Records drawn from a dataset
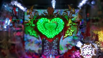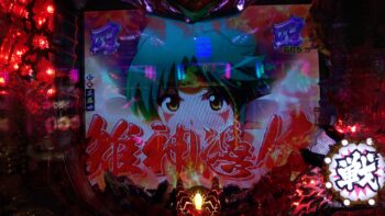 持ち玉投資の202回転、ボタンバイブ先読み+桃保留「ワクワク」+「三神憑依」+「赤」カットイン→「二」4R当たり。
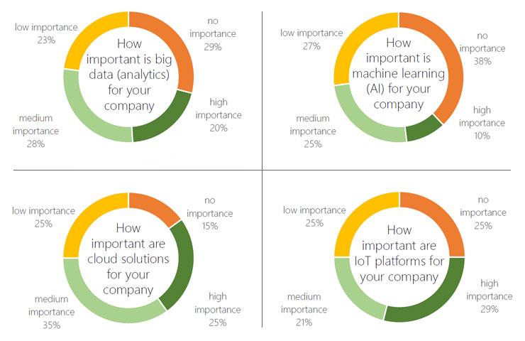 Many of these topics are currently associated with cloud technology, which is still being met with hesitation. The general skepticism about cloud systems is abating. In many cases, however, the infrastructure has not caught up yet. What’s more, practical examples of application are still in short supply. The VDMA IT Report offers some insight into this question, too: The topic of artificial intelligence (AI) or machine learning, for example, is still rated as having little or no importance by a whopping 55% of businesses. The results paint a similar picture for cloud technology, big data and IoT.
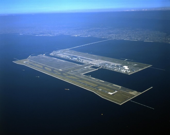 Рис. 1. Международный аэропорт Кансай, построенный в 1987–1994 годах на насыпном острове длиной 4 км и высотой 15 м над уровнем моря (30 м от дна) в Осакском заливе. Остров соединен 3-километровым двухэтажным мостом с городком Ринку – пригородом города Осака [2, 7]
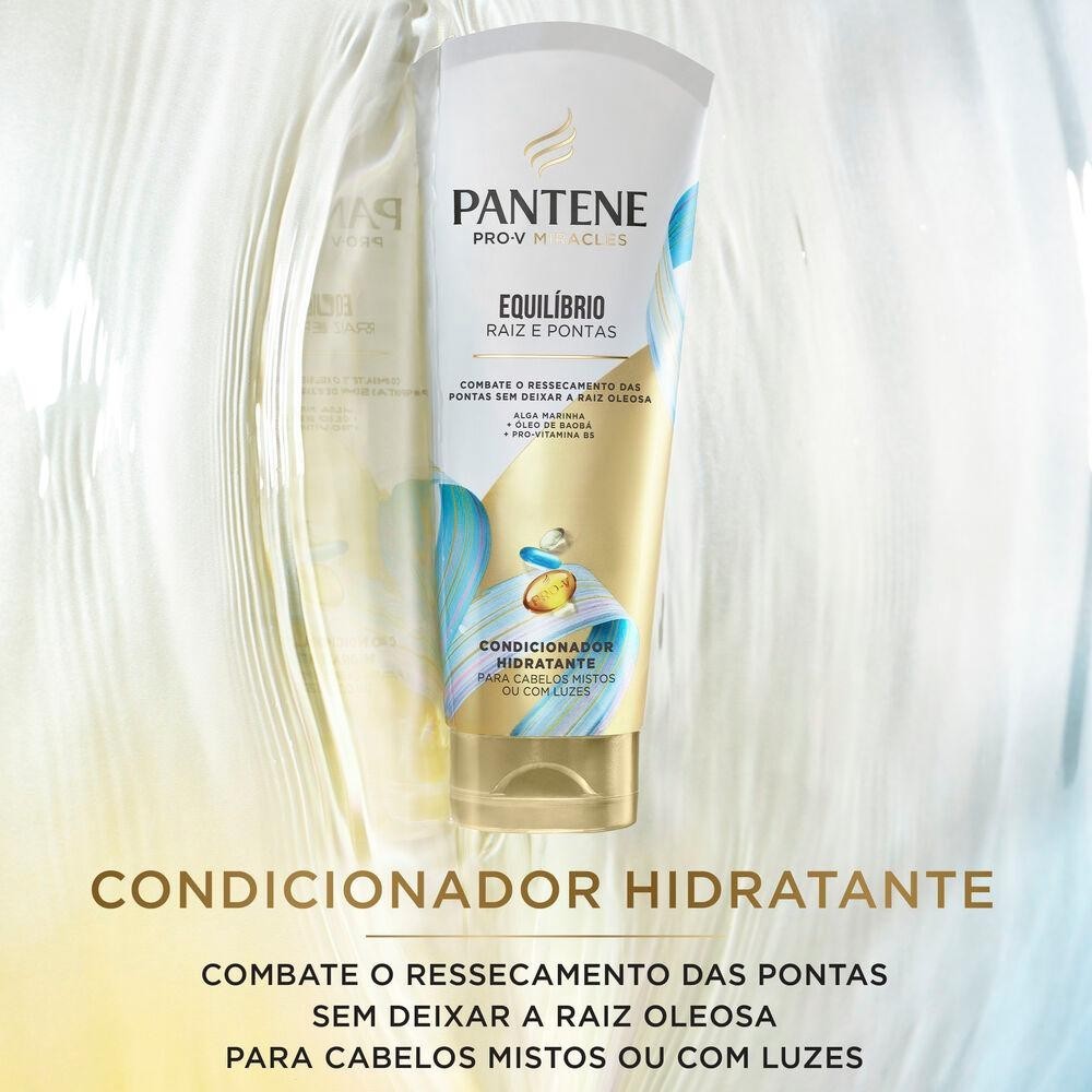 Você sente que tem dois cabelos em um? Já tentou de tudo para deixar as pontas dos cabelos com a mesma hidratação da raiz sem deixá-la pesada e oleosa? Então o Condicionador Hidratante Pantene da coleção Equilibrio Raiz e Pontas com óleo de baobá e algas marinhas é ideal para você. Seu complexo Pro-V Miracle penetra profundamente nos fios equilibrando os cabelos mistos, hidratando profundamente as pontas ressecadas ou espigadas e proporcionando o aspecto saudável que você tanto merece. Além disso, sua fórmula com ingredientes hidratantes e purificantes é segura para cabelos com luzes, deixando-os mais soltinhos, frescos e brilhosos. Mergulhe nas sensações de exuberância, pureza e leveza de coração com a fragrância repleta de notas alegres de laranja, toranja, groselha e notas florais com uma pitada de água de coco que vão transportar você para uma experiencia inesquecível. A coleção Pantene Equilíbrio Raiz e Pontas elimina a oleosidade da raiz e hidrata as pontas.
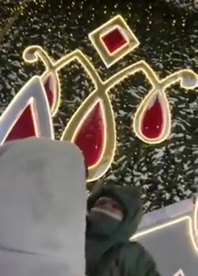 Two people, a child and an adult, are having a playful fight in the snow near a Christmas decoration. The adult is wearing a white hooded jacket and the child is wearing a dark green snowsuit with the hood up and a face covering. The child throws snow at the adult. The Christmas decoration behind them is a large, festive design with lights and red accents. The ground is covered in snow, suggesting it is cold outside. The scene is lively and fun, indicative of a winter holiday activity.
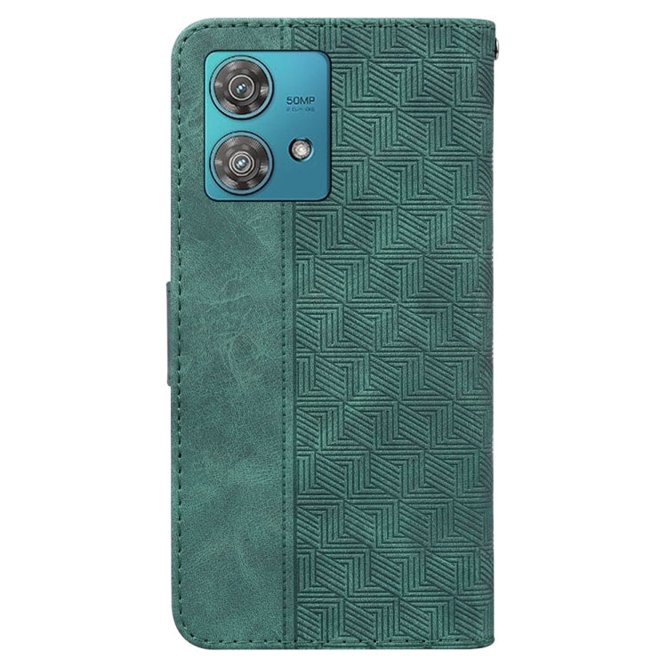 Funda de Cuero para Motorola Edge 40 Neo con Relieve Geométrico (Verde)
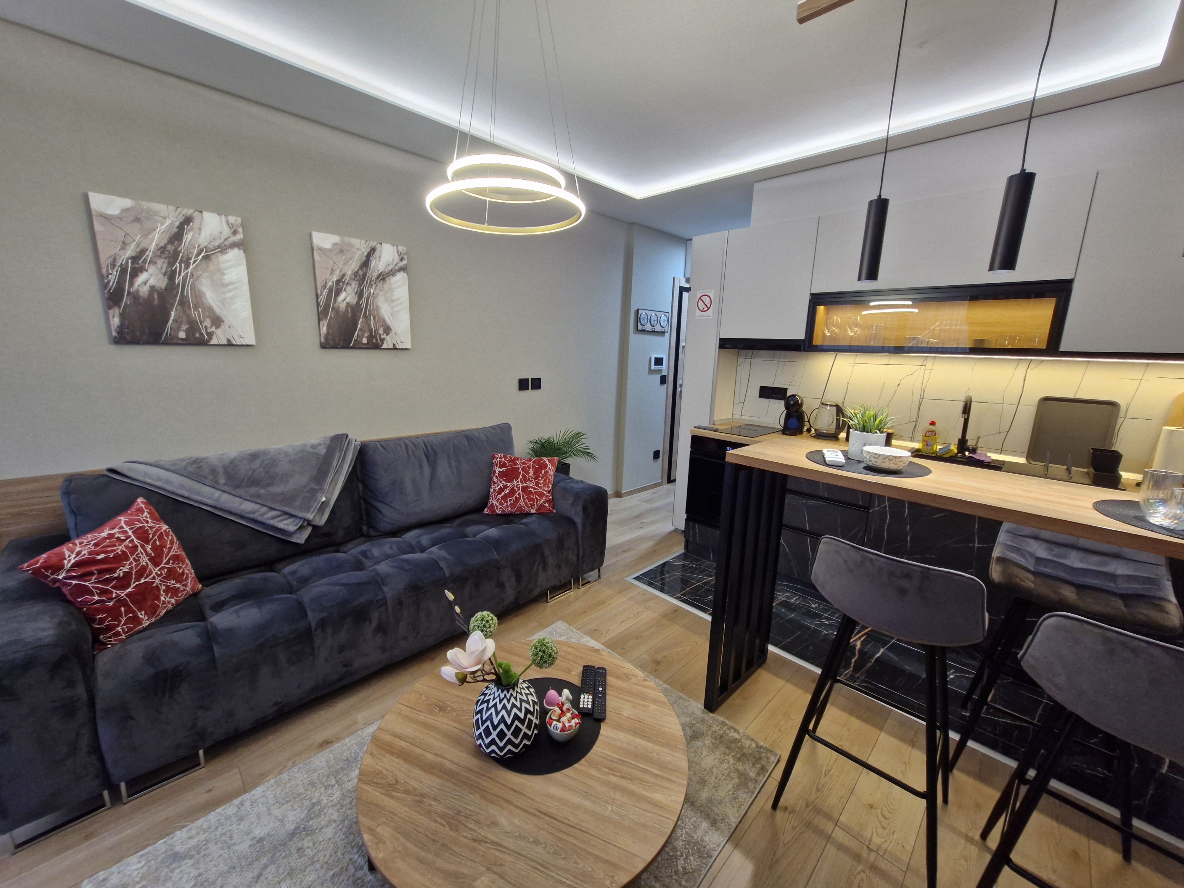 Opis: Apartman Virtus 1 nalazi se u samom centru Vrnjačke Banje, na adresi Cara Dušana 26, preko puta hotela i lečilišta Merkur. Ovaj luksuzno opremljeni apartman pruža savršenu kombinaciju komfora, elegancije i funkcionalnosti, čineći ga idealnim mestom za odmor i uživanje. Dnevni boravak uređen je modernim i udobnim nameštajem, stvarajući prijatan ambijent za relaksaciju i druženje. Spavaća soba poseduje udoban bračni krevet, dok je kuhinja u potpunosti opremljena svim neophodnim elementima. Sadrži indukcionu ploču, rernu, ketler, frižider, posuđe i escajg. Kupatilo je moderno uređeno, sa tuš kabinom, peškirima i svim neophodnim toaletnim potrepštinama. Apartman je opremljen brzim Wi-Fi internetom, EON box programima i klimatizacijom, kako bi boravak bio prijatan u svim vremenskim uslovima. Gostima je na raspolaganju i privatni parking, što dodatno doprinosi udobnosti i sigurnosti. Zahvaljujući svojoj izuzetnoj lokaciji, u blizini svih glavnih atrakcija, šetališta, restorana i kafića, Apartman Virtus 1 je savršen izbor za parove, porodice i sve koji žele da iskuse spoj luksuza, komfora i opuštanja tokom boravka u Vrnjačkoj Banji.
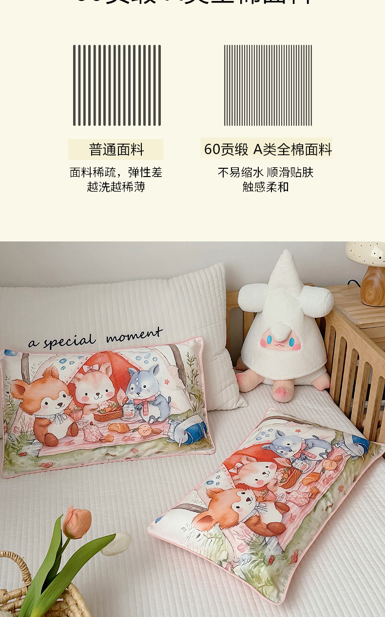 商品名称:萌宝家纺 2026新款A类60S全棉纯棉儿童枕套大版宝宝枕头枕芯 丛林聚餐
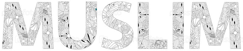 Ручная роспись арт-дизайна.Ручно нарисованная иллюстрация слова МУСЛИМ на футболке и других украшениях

■ **Exercise objective**
Among the entries above, copy exactly the stretch from the line holding "Many of these" through the line holding "Рис. 1. Международный", leaving out any pictures.

■ **Solution**
 Many of these topics are currently associated with cloud technology, which is still being met with hesitation. The general skepticism about cloud systems is abating. In many cases, however, the infrastructure has not caught up yet. What’s more, practical examples of application are still in short supply. The VDMA IT Report offers some insight into this question, too: The topic of artificial intelligence (AI) or machine learning, for example, is still rated as having little or no importance by a whopping 55% of businesses. The results paint a similar picture for cloud technology, big data and IoT.
 Рис. 1. Международный аэропорт Кансай, построенный в 1987–1994 годах на насыпном острове длиной 4 км и высотой 15 м над уровнем моря (30 м от дна) в Осакском заливе. Остров соединен 3-километровым двухэтажным мостом с городком Ринку – пригородом города Осака [2, 7]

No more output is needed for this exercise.